| THE PROBLEM |
Beneath this task are records; print exactly the stretch of them from the line with "Esta obra abstracta" through the line with "9月23日,贵阳市交警支队设", both ends included.

| RECORDS TO PROCESS |
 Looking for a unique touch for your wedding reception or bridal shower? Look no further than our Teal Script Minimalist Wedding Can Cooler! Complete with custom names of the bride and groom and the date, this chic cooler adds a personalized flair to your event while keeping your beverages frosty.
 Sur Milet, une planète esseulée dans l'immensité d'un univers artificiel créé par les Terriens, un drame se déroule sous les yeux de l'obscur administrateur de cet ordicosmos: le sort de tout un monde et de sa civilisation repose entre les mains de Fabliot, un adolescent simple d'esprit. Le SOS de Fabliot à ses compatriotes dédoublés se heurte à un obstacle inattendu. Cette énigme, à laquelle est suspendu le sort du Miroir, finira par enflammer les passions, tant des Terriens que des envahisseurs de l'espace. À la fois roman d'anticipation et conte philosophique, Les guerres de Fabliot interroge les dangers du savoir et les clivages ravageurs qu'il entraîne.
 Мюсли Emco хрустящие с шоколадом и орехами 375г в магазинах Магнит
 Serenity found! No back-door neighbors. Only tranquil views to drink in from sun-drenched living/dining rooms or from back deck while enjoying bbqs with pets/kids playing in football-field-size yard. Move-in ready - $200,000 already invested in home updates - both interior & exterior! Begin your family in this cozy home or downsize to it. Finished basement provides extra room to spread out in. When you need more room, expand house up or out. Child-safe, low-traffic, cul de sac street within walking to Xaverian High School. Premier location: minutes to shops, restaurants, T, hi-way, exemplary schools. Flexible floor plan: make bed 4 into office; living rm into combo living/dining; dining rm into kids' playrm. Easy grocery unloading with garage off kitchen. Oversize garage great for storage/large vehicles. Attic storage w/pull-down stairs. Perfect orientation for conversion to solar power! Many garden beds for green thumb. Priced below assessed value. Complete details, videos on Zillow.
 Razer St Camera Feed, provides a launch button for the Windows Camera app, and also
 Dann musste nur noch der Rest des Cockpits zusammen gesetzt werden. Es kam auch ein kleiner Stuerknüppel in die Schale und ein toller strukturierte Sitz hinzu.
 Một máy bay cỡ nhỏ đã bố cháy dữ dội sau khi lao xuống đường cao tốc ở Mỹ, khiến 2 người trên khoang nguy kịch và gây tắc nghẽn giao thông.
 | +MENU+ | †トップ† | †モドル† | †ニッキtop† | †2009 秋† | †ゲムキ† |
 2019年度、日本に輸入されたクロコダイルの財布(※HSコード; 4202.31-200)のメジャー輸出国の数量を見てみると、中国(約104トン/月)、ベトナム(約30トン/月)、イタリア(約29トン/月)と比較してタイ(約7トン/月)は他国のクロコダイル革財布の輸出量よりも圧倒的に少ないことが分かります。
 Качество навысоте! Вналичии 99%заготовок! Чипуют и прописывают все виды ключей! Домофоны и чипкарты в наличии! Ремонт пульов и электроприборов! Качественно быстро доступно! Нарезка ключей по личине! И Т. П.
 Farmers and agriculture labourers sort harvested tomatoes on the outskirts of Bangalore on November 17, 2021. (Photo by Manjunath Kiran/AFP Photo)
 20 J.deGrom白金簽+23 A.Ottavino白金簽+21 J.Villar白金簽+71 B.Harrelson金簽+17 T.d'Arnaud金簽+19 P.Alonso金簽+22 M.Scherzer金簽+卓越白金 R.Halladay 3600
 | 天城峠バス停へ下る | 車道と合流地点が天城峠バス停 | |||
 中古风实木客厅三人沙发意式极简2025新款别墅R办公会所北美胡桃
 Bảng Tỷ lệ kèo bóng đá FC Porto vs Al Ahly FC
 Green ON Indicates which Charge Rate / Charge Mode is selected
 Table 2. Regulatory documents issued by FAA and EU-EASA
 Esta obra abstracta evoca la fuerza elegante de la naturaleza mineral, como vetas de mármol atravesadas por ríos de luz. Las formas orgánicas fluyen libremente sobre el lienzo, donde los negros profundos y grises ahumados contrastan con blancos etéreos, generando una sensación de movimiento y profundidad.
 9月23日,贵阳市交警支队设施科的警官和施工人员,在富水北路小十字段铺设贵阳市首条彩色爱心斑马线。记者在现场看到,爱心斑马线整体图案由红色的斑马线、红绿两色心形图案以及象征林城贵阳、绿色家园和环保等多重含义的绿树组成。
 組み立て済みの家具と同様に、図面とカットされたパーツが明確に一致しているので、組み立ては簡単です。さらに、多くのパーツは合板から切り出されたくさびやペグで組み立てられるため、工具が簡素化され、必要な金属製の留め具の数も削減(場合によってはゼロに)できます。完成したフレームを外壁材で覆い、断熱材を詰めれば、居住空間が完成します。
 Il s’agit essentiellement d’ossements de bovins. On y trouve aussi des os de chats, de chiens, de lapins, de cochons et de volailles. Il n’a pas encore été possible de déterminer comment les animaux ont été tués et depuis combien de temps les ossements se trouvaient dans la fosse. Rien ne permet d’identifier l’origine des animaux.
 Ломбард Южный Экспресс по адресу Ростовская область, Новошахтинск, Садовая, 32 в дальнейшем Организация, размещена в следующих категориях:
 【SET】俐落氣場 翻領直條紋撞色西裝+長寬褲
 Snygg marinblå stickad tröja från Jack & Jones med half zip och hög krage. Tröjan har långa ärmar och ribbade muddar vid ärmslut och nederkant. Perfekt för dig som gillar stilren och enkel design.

| EXERCISE RESPONSE |
 Esta obra abstracta evoca la fuerza elegante de la naturaleza mineral, como vetas de mármol atravesadas por ríos de luz. Las formas orgánicas fluyen libremente sobre el lienzo, donde los negros profundos y grises ahumados contrastan con blancos etéreos, generando una sensación de movimiento y profundidad.
 9月23日,贵阳市交警支队设施科的警官和施工人员,在富水北路小十字段铺设贵阳市首条彩色爱心斑马线。记者在现场看到,爱心斑马线整体图案由红色的斑马线、红绿两色心形图案以及象征林城贵阳、绿色家园和环保等多重含义的绿树组成。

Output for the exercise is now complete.